Майор отвернулся, бездумно глядя на равнодушную серую гладь реки. Вот он и узнал — даже больше, чем надеялся. Никакой он не Павленко, и напрасно он запоминал свою фамилию, которую и сочинили-то, похоже, второпях. Он Пустельга Сергей Павлович, бывший работник НКВД, с которым что-то случилось в ноябре прошлого, от рождества Христова 1937 года. Он не был арестован, иначе не объявили бы всесоюзный розыск, но и не бежал, а почему-то оказался в ленинградском госпитале, где очнулся только в январе следующего, 1938 года. Первая пришедшая на ум версия казалась самой правдоподобной: «лазоревые» — бравые парни из госбезопасности — каким-то образом позаботились о том, чтобы старший лейтенант Пустельга потерял память, но не свои уникальные и столь нужные способности. Наверно, его группа вышла на что-то важное, и «лазоревые» конкуренты поспешили подставить «малиновым» коллегам подножку. А может, все было как-то иначе еще проще и страшнее…

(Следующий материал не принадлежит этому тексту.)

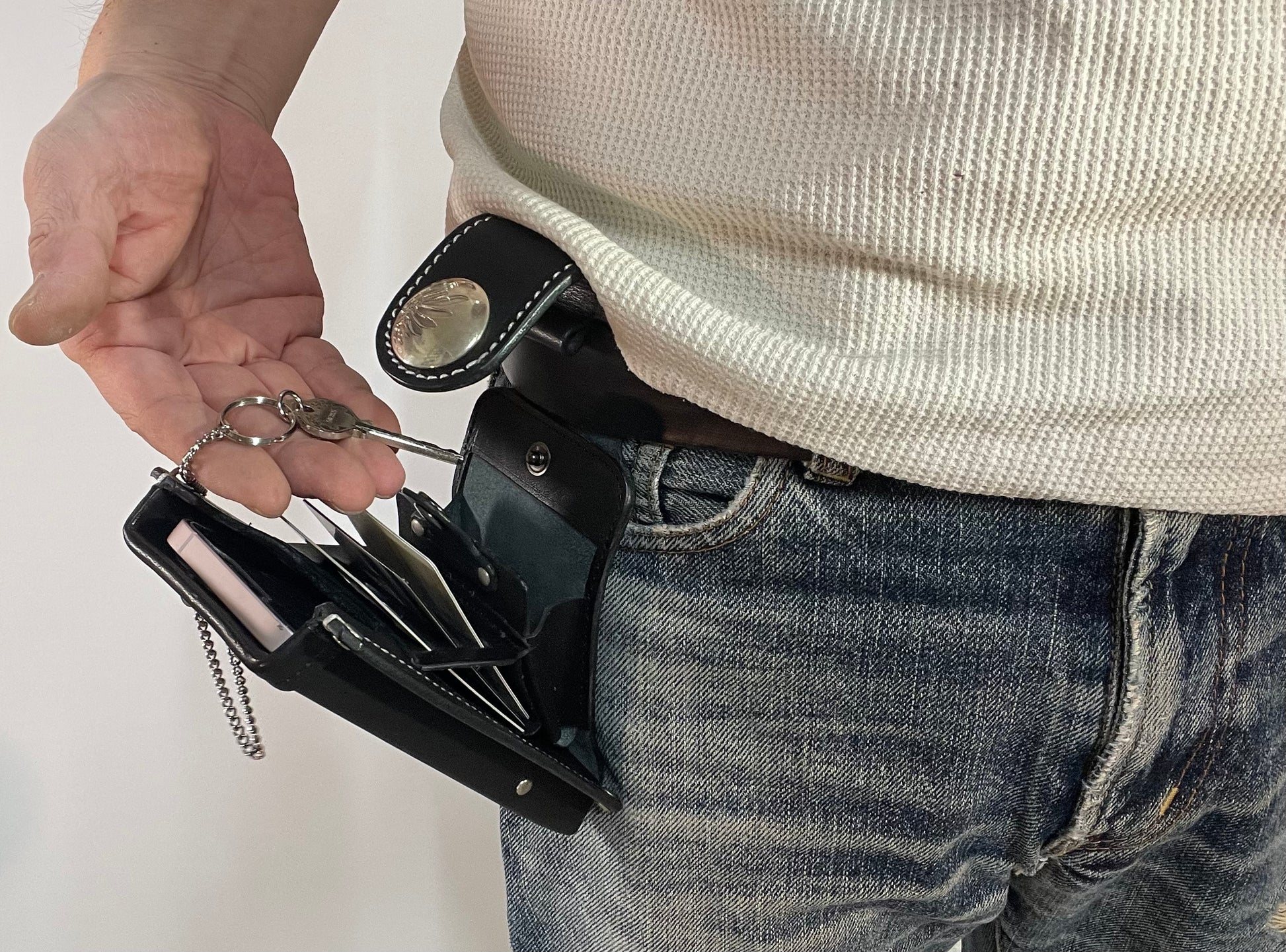 メインのスマホポケットの他にカードホルダー、マルチポケットを装備することでキャッシュレ生活をスマートにサポートします。鍵などを繋げられるキーチェーンも付属。

«Не раскисать!» — он повторил эту фразу, наверно, в тысячу первый раз. В любом случае он жив, не потерял разум, а значит, способен не просто выполнять очередные приказы руководства. Теперь ему известно, кто он и кем был. Значит… Значит, следовало подумать, подумать не спеша и не увлекаясь. Многое должно проясниться, ведь его зачем-то вызвали в Столицу…
Майор вдруг представил, что он входит в Большой Дом на Лубянке, предъявляет удостоверение и направляется прямо… ну, хотя бы в кабинет Николая, то есть народного комиссара внудел Николая Ивановича Ежова. Интересно, что будет в этом случае? Как отреагируют «малиновые»? Он подумал и понял — никак. Скорее всего, внимательно изучат удостоверение, попросят немного подождать и перезвонят в НКГБ, после чего отпустят подобру-поздорову. А может, и звонить никуда не станут. К майору Павленко у НКВД не было претензий, а то, что он немного похож на сгинувшего врага народа Пустельгу, — невелика беда! В Ленинграде майор много раз заходил в Управление НКВД, и никто даже глазом не моргнул, хотя объявления о розыске туда поступали регулярно. Пустельга исчез, остался не помнящий родства Сергей Павленко, незаменимый специалист, живой детектор лжи, которого никто не даст в обиду.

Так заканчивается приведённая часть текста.